* _Task objective_
Nothing but an exact copy is asked for: the lines in the material below from the one with "Retro Pink Microphone" through the one with "次はベーコンエッグチーズベーグルサンド。", pictures excluded.

* _Supplied records_
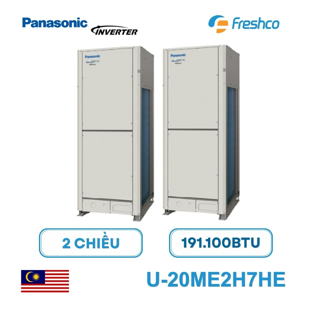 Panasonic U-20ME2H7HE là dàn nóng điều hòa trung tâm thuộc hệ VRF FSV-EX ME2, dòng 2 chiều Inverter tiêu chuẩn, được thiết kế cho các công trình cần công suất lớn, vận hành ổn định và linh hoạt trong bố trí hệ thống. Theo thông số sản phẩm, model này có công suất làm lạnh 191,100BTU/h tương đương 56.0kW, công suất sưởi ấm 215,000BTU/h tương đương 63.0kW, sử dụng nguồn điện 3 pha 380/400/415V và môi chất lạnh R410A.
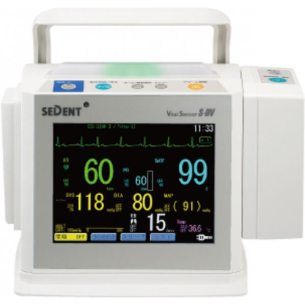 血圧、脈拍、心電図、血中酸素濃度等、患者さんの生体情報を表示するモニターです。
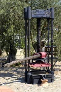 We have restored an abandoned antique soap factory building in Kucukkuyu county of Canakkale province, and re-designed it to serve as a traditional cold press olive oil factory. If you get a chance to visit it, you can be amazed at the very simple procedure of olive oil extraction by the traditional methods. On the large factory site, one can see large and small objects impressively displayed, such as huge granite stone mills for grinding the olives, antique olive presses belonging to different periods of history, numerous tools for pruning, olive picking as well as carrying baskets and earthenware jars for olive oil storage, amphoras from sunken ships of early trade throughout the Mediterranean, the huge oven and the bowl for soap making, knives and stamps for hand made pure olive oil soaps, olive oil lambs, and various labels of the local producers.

...

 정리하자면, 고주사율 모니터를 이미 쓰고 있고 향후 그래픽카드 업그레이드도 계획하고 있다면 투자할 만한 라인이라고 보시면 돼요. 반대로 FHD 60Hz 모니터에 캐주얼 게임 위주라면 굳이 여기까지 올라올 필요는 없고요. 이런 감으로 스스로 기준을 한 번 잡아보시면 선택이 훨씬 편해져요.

==

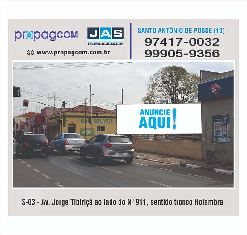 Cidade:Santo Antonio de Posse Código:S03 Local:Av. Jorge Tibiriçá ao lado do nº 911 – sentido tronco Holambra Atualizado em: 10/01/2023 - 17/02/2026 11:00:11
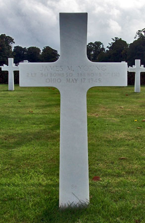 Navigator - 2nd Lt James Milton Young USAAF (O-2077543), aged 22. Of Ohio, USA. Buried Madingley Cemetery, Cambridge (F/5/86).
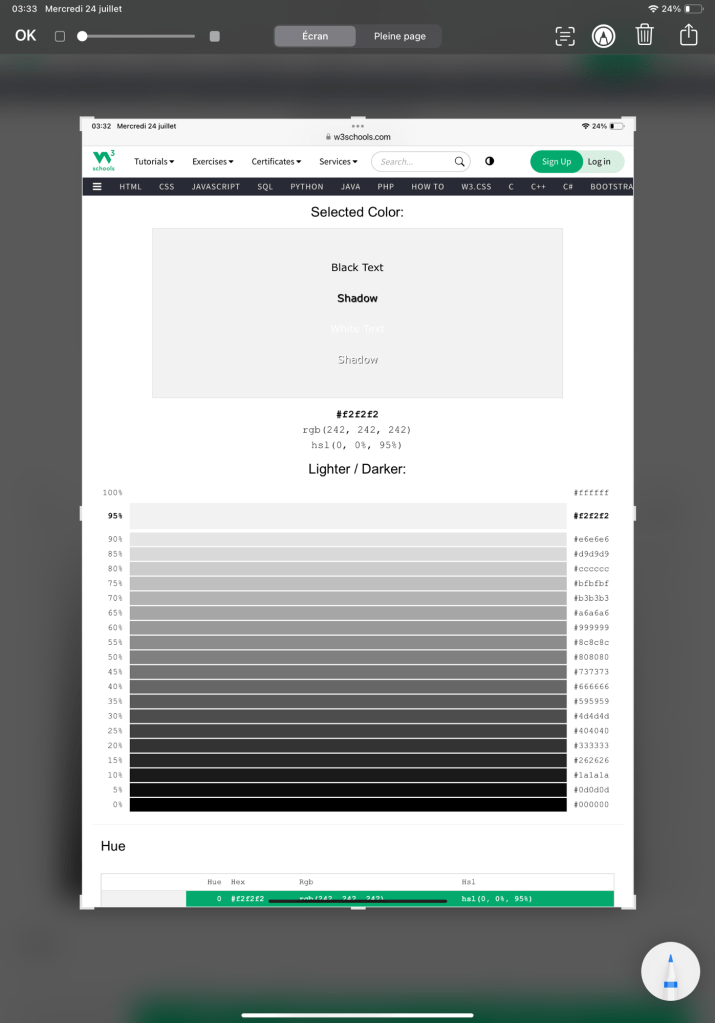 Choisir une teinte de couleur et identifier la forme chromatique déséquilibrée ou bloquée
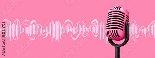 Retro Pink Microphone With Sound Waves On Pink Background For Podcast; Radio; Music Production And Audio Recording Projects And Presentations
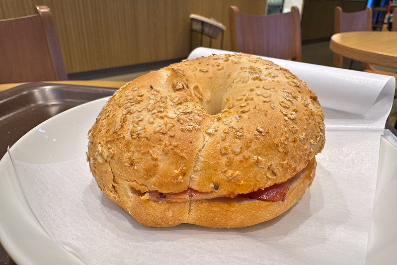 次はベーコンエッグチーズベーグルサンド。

* _Answer for the task_
 Retro Pink Microphone With Sound Waves On Pink Background For Podcast; Radio; Music Production And Audio Recording Projects And Presentations
 次はベーコンエッグチーズベーグルサンド。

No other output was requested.